One of the issues raised on appeal was whether the Tribunal erred discounting the pecuniary penalties imposed on certain respondents that did not directly engage in anti-competitive conduct. The respondents in question were construction and engineering contractor companies that had subcontracted the works on two public housing estates and let their Housing Authority licences to subcontractors who in turn were found to have entered into price-fixing and market sharing agreements in breach of the First Conduct Rule of the Competition Ordinance (Cap. 619) (“Ordinance“).

At first instance the Tribunal discounted the pecuniary penalties imposed on these respondents by one-third on the grounds that:

  1. the pecuniary penalty was sought only against the respondents and not the respondents together with their subcontractors;
  2. it would not be right or safe to assume that the respondents would be able to recoup all or part of the pecuniary penalty imposed from their subcontractors; and
  3. the pecuniary penalty imposed should reflect the role of the respondents as only part of their respective undertakings.

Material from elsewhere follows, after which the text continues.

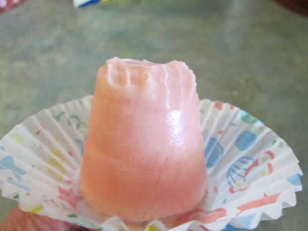 Tire suavemente de la palanca quitando la sandía paleta de la taza. Estas tazas son reutilizables para no desecharlos. Deja el papel de Magdalena en el palo, se vienen en muy útil recoger cualquier goteo. Yum! ¡ Disfrute!

The Commission sought to set aside this discount on the basis that the Tribunal had erred on principle and taken irrelevant factors into account (or had failed to take account of relevant factors). The Commission contended that the pecuniary penalty must be specific to the undertaking and the undertaking’s contravention of the Ordinance, not to the natural or legal persons constituting the undertaking and/or their role within the undertaking.  Rather, each respondent along with their respective subcontractors formed a single economic unit or undertaking, and each undertaking as a whole infringed the First Conduct Rule.

The Court of Appeal held that it would be wrong in principle to reduce the penalty to reflect the extent of the respondents’ role as part of the undertaking. Where an undertaking contravenes the Ordinance, it is for the undertaking to answer for that infringement, and in this case the respondents and their subcontractors were to be jointly and severally liable for the infringement. Joint and several liability follows when an undertaking constituted by a number of natural and legal entities engage in anti-competitive conduct and facilitates the effective enforcement of the Ordinance. The Court of Appeal accepted that it would be highly onerous for the Commission to name all the entities within an undertaking in enforcement proceedings before the Tribunal in order to avoid any discount to the penalty.

The Court of Appeal allowed the Commission’s appeal, setting aside the one-third reduction and restoring the amount of pecuniary penalties to be paid by the respondents in full.